Try it: Your task is to write out every line of the data exactly. Drop the pictures.

Record extracts:
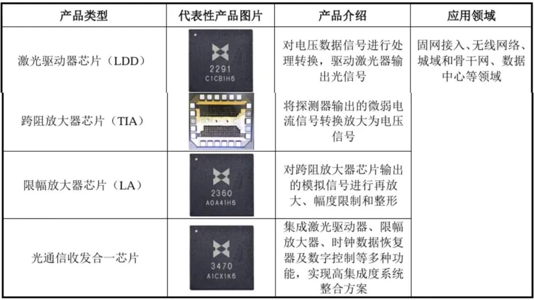 该公司基于对激光驱动器芯片(LDD)、跨阻放大器芯片(TIA)、限幅放大器芯片(LA)、光通信微控制器芯片(MCU)及时钟数据恢复器(CDR)、模数转换芯片(ADC)、数模转换芯片(DAC)等光通信电芯片核心系列产品与技术的深度理解,可结合市场需要为客户量身定制套片解决方案。
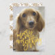 Feliz Tudo Cartão com fotos Espetacular Script Amarelo. Sua foto no verso ou atual padrão de apoio floral vermelho. Estilo bonito de script de caligrafia. Estilo de inscrição. Grande design de fotos. Feliz, design festiva.
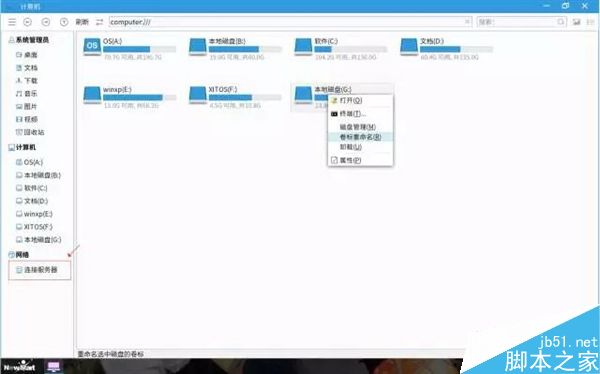 文件資源管理器的左側邊欄中的“連接服務器”,可快速SMB到其他計算機上。
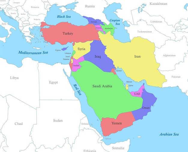 West Asia Region. Map of countries in western Asia or Middle East. Vector illustration.
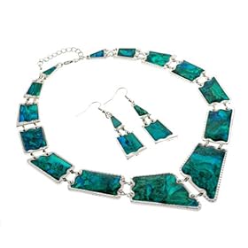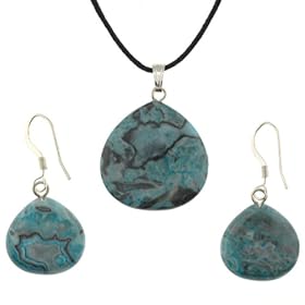 Blue Laugna Lace Briolette Shaped Pendant and Earrings Set - 22mm Pendant, 15mm Earrings - Adjustable Cord Necklace: Jewelry
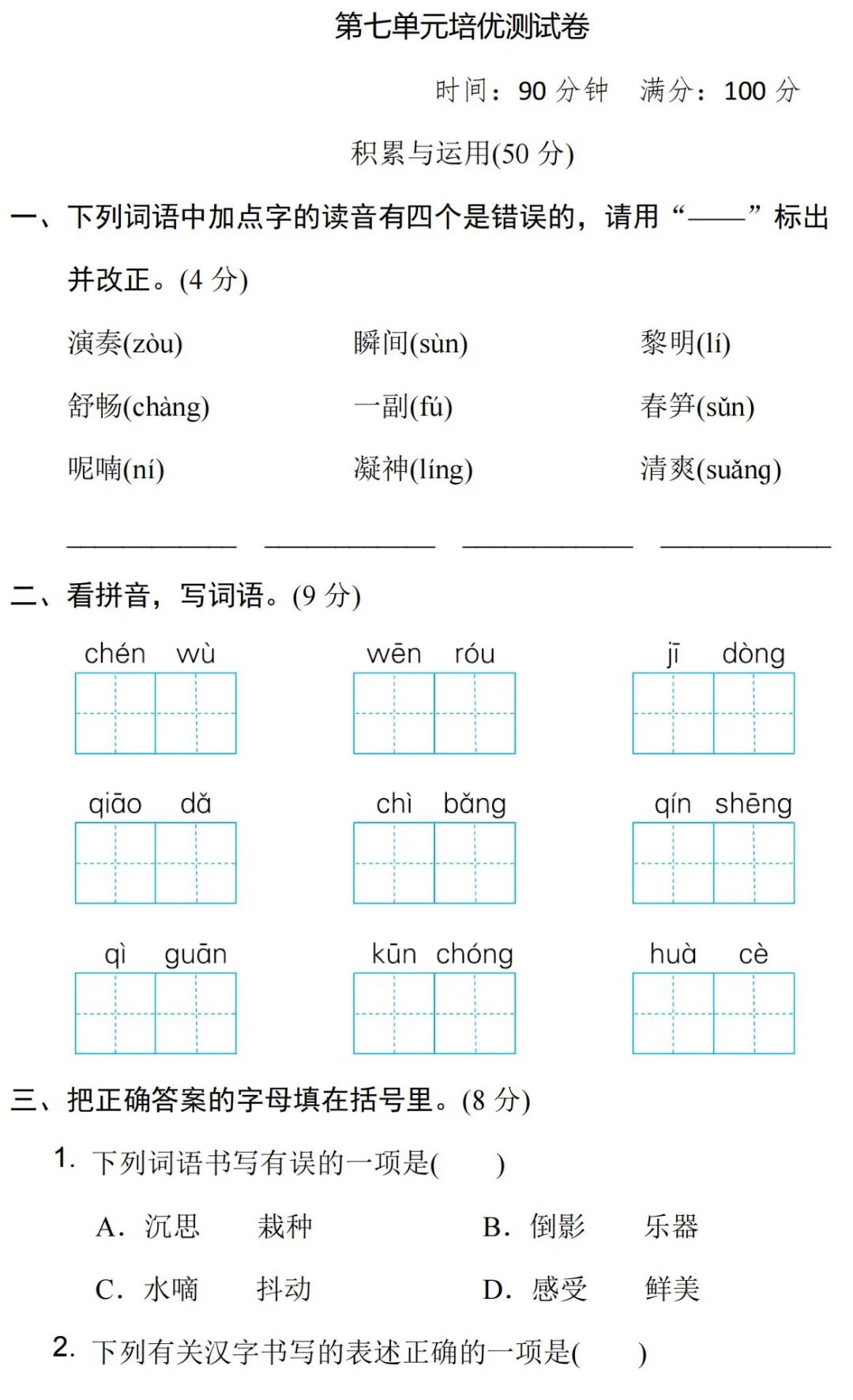 为了让孩子巩固第七单元知识点,教研室的耿老师特意为大家,精心整理了第七单元测试题,建议各位老师和家长领取,打印给孩子练习!
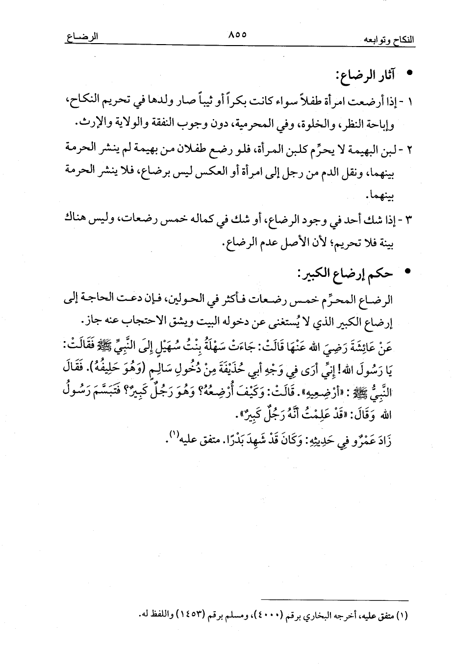 عَنْ عَائِشَةَ رَضِيَ الله عَنْهَا قَالَتْ: جَاءَتْ سَهْلَةُ بِنْتُ سُهَيْلٍ إِلَى النَّبِيِّ - صلى الله عليه وسلم - فَقَالَتْ: يَا رَسُولَ الله! إِنِّي أرَى فِي وَجْهِ أبِي حُذَيْفَةَ مِنْ دُخُولِ سَالِمٍ (وَهُوَ حَلِيفُهُ). فَقَالَ النَّبِيُّ - صلى الله عليه وسلم -: «أرْضِعِيهِ». قَالَتْ: وَكَيْفَ أُرْضِعُهُ؟ وَهُوَ رَجُلٌ كَبِيرٌ؟ فَتَبَسَّمَ رَسُولُ الله وَقَالَ: «قَدْ عَلِمْتُ أنَّهُ رَجُلٌ كَبِيرٌ».

Response area:
 该公司基于对激光驱动器芯片(LDD)、跨阻放大器芯片(TIA)、限幅放大器芯片(LA)、光通信微控制器芯片(MCU)及时钟数据恢复器(CDR)、模数转换芯片(ADC)、数模转换芯片(DAC)等光通信电芯片核心系列产品与技术的深度理解,可结合市场需要为客户量身定制套片解决方案。
 Feliz Tudo Cartão com fotos Espetacular Script Amarelo. Sua foto no verso ou atual padrão de apoio floral vermelho. Estilo bonito de script de caligrafia. Estilo de inscrição. Grande design de fotos. Feliz, design festiva.
 文件資源管理器的左側邊欄中的“連接服務器”,可快速SMB到其他計算機上。
 West Asia Region. Map of countries in western Asia or Middle East. Vector illustration.
 Blue Laugna Lace Briolette Shaped Pendant and Earrings Set - 22mm Pendant, 15mm Earrings - Adjustable Cord Necklace: Jewelry
 为了让孩子巩固第七单元知识点,教研室的耿老师特意为大家,精心整理了第七单元测试题,建议各位老师和家长领取,打印给孩子练习!
 عَنْ عَائِشَةَ رَضِيَ الله عَنْهَا قَالَتْ: جَاءَتْ سَهْلَةُ بِنْتُ سُهَيْلٍ إِلَى النَّبِيِّ - صلى الله عليه وسلم - فَقَالَتْ: يَا رَسُولَ الله! إِنِّي أرَى فِي وَجْهِ أبِي حُذَيْفَةَ مِنْ دُخُولِ سَالِمٍ (وَهُوَ حَلِيفُهُ). فَقَالَ النَّبِيُّ - صلى الله عليه وسلم -: «أرْضِعِيهِ». قَالَتْ: وَكَيْفَ أُرْضِعُهُ؟ وَهُوَ رَجُلٌ كَبِيرٌ؟ فَتَبَسَّمَ رَسُولُ الله وَقَالَ: «قَدْ عَلِمْتُ أنَّهُ رَجُلٌ كَبِيرٌ».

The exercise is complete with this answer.